[Work required]
For the listing below, output exactly the lines from the line with "تنظّم رئاسة الشؤون" up to and including the line with "Weißes Spitzen-Camisole-Kleid: Damen", and no other lines.

[Supplied records]
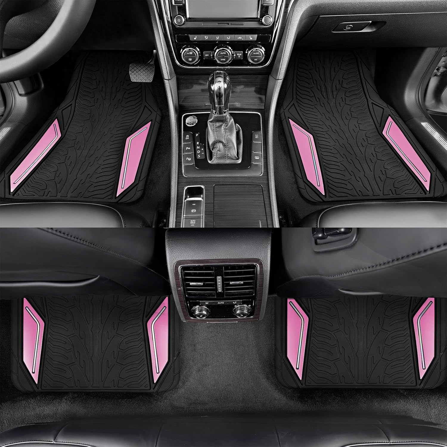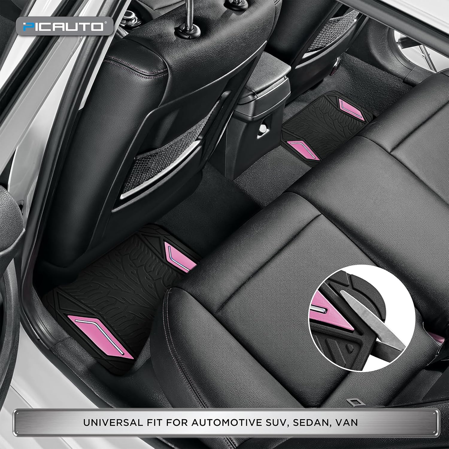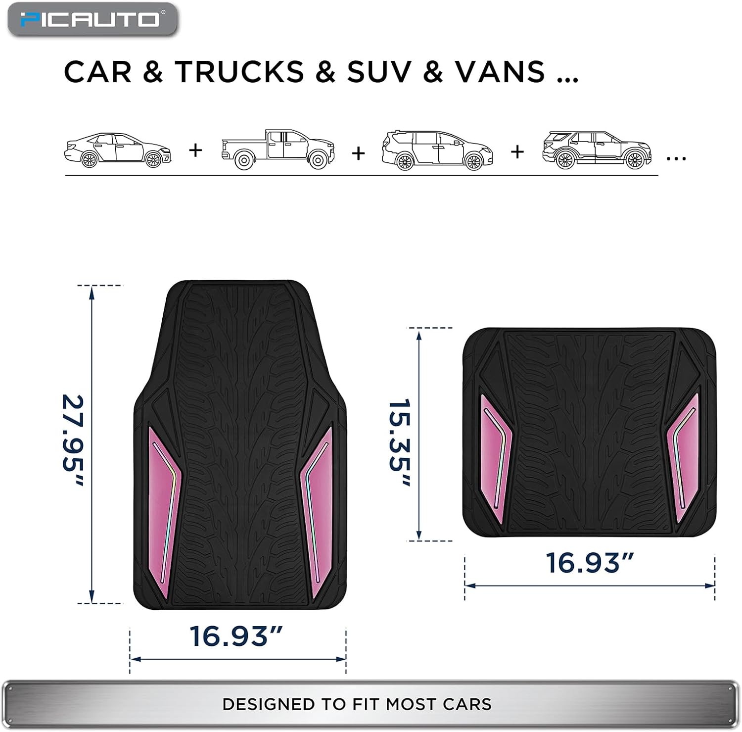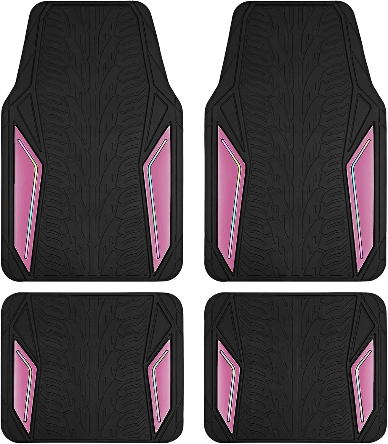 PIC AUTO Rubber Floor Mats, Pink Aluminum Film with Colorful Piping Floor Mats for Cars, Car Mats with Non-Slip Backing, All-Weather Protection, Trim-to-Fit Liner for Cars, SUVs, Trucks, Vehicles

* * *

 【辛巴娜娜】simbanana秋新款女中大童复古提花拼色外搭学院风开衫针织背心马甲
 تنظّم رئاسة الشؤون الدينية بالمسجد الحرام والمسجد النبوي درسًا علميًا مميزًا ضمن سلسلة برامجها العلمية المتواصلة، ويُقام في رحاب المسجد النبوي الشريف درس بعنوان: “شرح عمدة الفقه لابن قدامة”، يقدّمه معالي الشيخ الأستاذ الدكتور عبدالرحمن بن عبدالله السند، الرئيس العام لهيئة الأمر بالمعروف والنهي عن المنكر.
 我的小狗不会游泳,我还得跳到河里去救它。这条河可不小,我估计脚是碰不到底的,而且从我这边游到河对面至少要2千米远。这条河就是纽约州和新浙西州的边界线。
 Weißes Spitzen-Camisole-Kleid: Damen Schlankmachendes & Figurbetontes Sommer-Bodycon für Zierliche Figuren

[Output below]
 تنظّم رئاسة الشؤون الدينية بالمسجد الحرام والمسجد النبوي درسًا علميًا مميزًا ضمن سلسلة برامجها العلمية المتواصلة، ويُقام في رحاب المسجد النبوي الشريف درس بعنوان: “شرح عمدة الفقه لابن قدامة”، يقدّمه معالي الشيخ الأستاذ الدكتور عبدالرحمن بن عبدالله السند، الرئيس العام لهيئة الأمر بالمعروف والنهي عن المنكر.
 我的小狗不会游泳,我还得跳到河里去救它。这条河可不小,我估计脚是碰不到底的,而且从我这边游到河对面至少要2千米远。这条河就是纽约州和新浙西州的边界线。
 Weißes Spitzen-Camisole-Kleid: Damen Schlankmachendes & Figurbetontes Sommer-Bodycon für Zierliche Figuren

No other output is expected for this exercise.